- THE PROBLEM
In the material below, find the line with "Santo António antigo" and the line with "- Flip through". Output exactly those two lines and all lines between them, leaving out pictures.

── PROVIDED ENTRIES

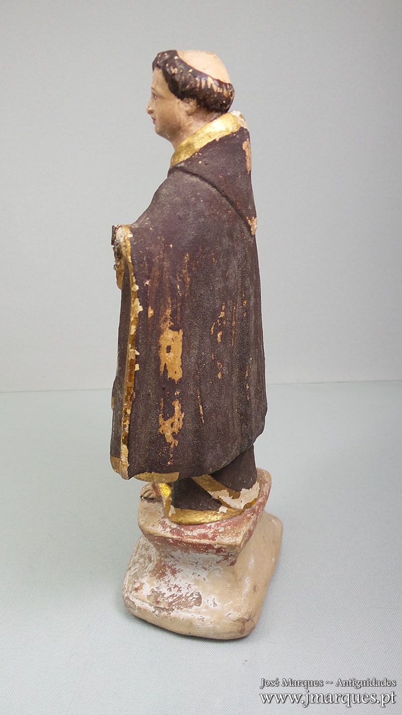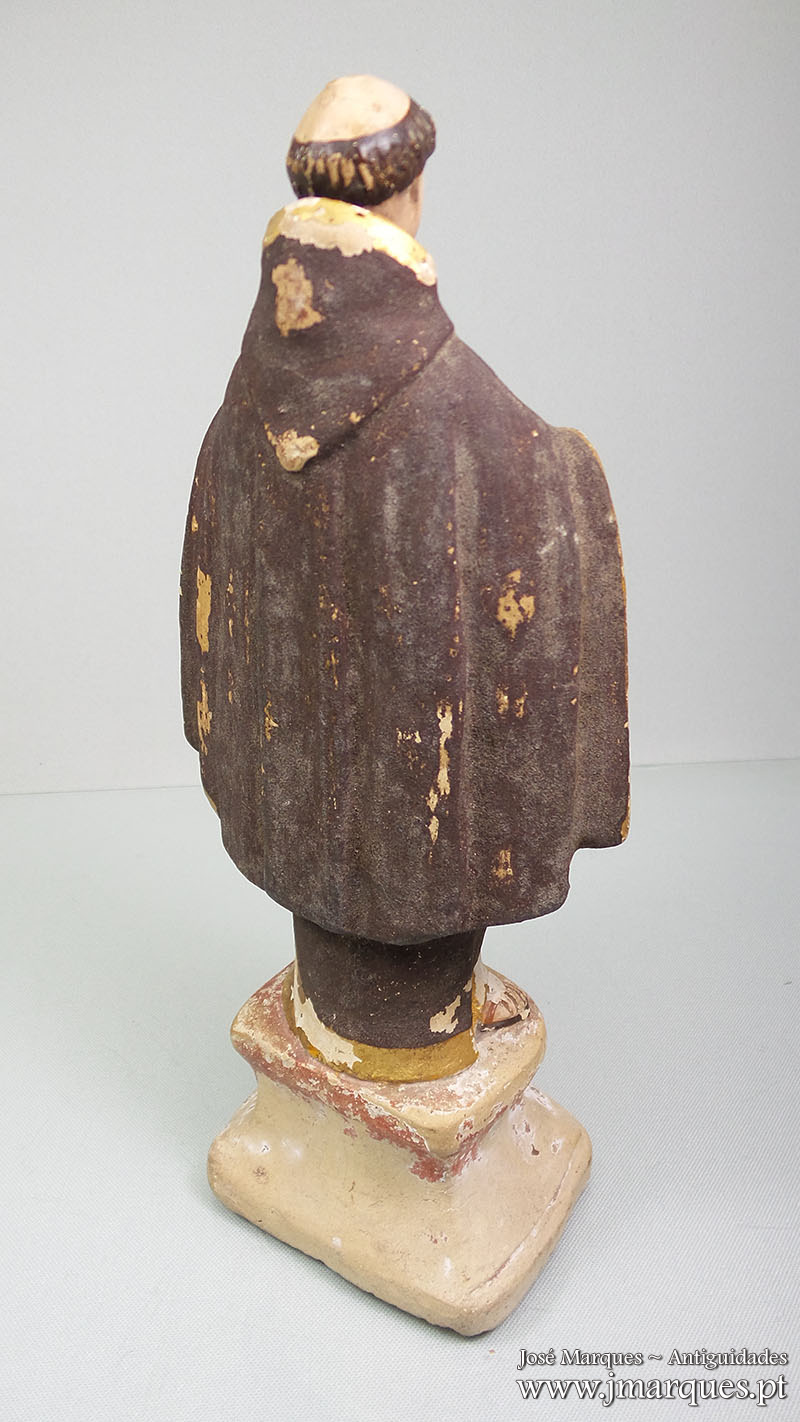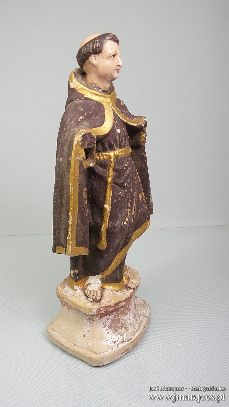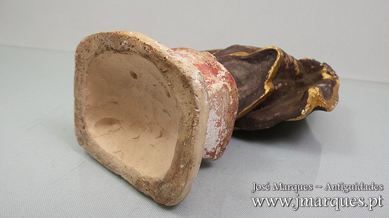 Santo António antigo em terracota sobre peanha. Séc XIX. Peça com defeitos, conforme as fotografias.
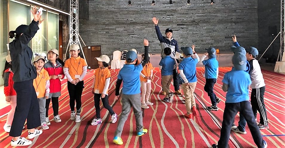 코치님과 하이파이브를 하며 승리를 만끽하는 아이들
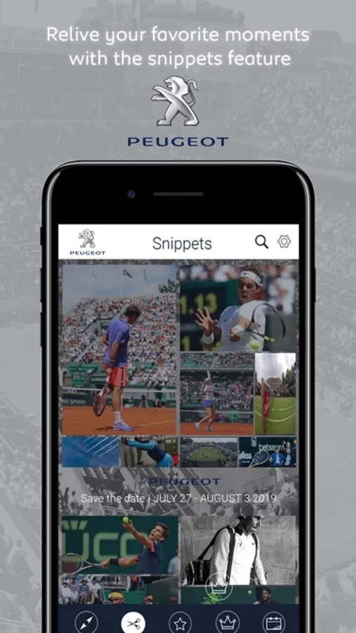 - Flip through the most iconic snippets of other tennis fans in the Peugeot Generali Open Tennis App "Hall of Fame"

────
── PROVIDED ENTRIES

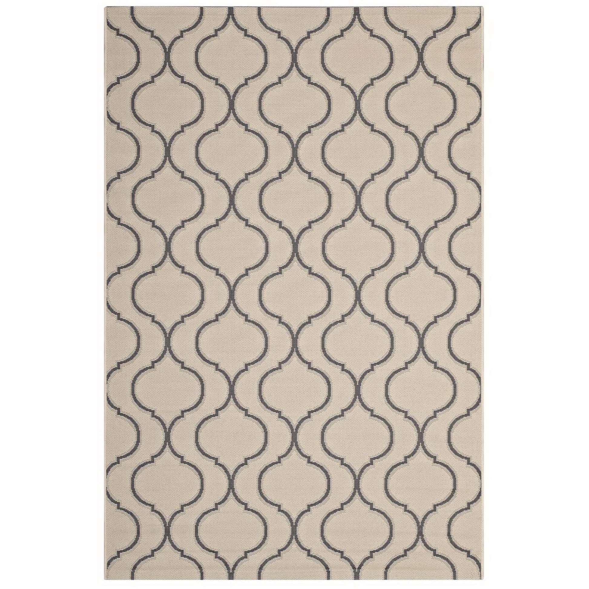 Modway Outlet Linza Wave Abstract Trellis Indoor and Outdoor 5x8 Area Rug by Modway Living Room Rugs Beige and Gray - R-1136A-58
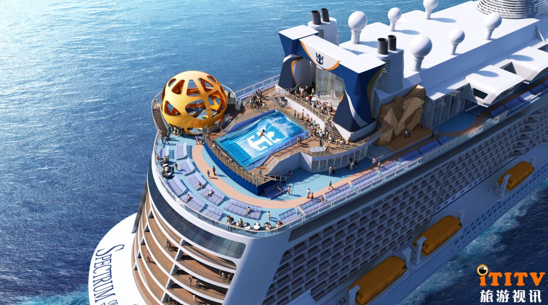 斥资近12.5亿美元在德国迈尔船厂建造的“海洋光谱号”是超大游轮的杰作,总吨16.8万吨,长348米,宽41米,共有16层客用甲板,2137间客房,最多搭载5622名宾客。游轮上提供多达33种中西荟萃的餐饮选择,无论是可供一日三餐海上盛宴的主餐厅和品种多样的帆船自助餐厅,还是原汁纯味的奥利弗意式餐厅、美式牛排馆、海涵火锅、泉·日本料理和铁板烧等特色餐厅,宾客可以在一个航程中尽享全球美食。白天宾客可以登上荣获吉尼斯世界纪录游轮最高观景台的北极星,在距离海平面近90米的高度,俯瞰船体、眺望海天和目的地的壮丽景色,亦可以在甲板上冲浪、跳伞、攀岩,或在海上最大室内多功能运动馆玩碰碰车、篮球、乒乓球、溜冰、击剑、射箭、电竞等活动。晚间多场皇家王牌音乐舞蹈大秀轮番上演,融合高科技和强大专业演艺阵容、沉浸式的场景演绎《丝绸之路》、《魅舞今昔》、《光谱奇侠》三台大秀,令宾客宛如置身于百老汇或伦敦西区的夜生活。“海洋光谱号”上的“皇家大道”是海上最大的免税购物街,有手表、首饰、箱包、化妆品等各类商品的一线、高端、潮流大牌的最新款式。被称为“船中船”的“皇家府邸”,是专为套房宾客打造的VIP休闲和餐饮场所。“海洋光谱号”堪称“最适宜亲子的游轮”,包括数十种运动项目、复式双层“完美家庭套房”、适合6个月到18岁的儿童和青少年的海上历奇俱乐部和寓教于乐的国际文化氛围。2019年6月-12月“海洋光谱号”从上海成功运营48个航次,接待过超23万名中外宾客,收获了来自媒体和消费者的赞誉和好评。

────

- SOLUTION FOR THIS EXERCISE
 Santo António antigo em terracota sobre peanha. Séc XIX. Peça com defeitos, conforme as fotografias.
 코치님과 하이파이브를 하며 승리를 만끽하는 아이들
 - Flip through the most iconic snippets of other tennis fans in the Peugeot Generali Open Tennis App "Hall of Fame"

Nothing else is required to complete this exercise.